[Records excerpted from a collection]
++++++
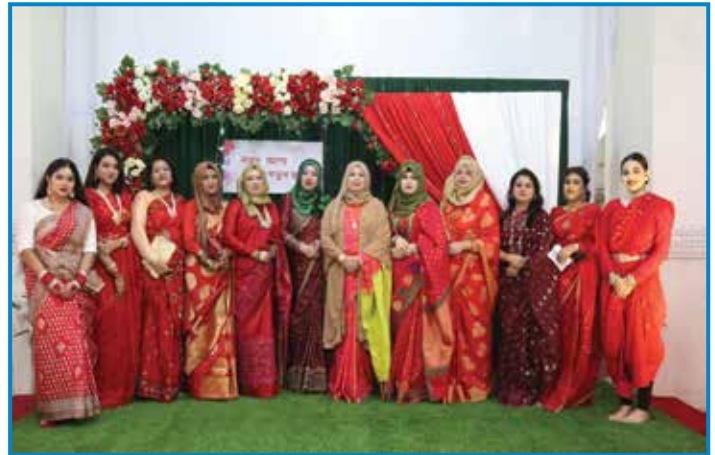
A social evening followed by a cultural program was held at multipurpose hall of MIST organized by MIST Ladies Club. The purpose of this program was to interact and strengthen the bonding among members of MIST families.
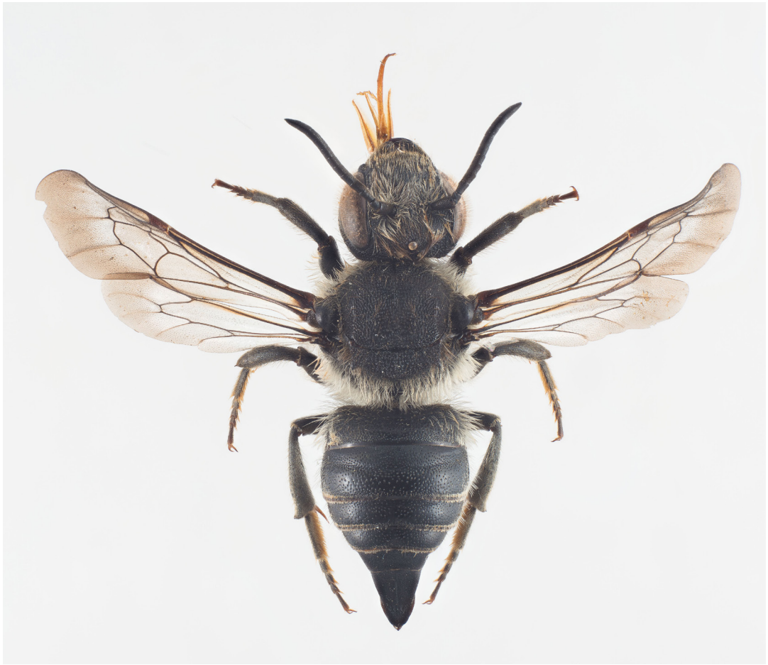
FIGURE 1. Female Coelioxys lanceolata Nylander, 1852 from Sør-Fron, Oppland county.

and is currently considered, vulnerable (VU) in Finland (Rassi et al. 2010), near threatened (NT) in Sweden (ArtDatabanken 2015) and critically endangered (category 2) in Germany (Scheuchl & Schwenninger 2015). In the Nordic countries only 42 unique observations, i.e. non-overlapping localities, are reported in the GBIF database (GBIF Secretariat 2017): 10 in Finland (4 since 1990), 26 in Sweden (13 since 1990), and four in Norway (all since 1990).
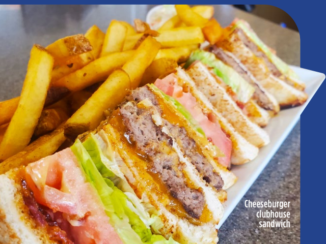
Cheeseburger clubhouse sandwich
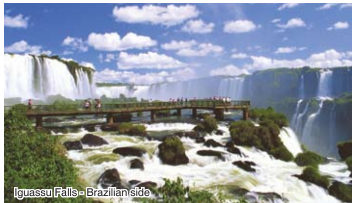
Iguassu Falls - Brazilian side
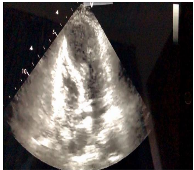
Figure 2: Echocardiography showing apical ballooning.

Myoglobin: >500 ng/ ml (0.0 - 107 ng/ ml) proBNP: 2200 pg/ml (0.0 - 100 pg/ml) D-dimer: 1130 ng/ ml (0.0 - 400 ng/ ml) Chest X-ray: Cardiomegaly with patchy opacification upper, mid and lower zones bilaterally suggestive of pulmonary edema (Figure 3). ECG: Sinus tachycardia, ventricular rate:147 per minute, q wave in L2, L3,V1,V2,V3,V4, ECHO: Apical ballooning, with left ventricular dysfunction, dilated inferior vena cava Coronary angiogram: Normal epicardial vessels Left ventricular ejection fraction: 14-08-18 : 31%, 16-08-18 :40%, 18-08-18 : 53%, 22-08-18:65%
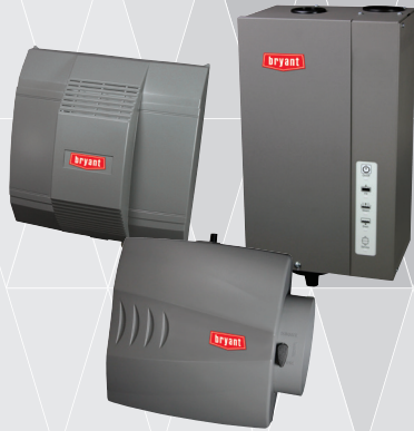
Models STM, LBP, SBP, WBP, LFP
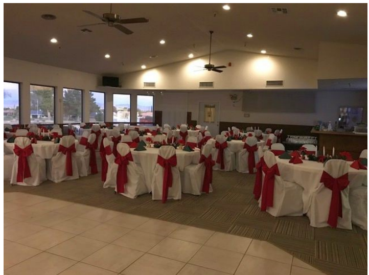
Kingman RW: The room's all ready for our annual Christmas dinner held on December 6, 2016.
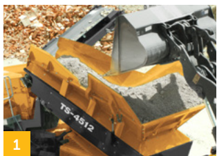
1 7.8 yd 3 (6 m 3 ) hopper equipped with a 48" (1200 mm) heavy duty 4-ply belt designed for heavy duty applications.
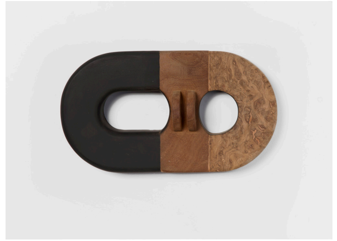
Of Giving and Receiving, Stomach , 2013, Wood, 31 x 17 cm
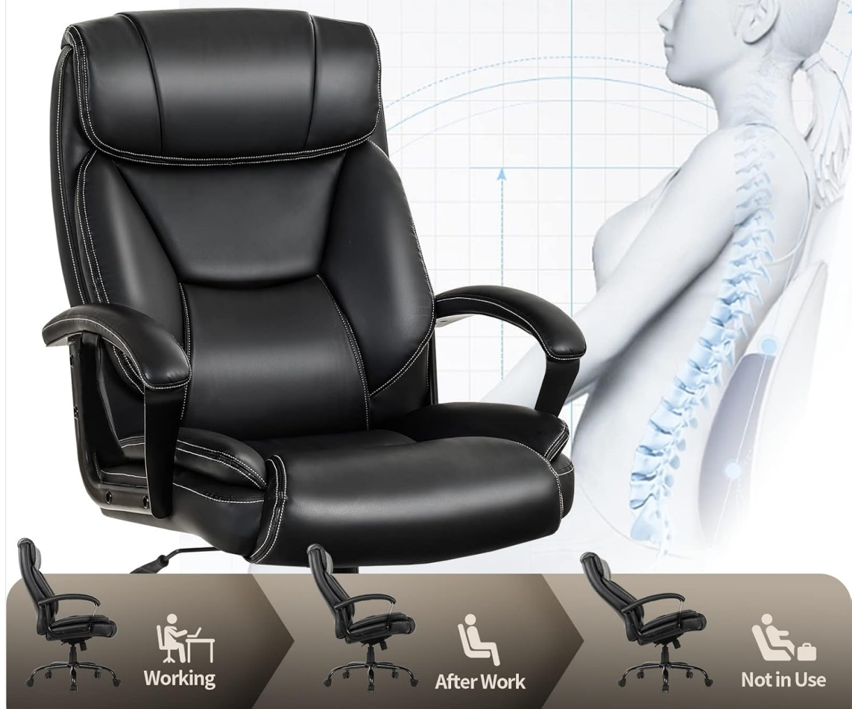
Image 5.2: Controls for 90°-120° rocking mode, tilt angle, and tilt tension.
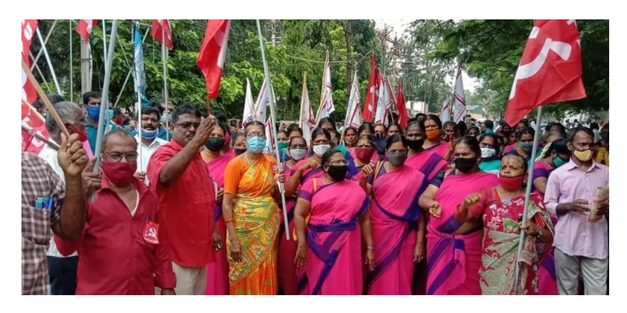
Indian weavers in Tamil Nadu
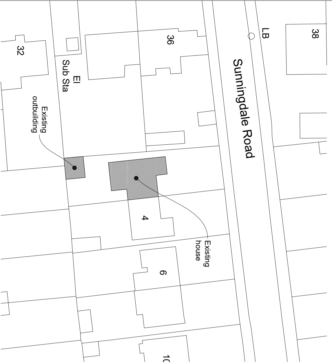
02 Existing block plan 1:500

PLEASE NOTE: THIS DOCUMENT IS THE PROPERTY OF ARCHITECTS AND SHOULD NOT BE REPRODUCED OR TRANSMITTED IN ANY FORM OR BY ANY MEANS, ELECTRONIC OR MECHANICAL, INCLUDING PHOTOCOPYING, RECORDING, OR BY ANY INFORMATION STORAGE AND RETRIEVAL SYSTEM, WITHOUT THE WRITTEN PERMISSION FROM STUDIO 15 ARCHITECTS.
++++++
WHAT TO PRODUCE.
Where a line above holds the word "held", copy it.

RESPONSE.
A social evening followed by a cultural program was held at multipurpose hall of MIST organized by MIST Ladies Club. The purpose of this program was to interact and strengthen the bonding among members of MIST families.
Kingman RW: The room's all ready for our annual Christmas dinner held on December 6, 2016.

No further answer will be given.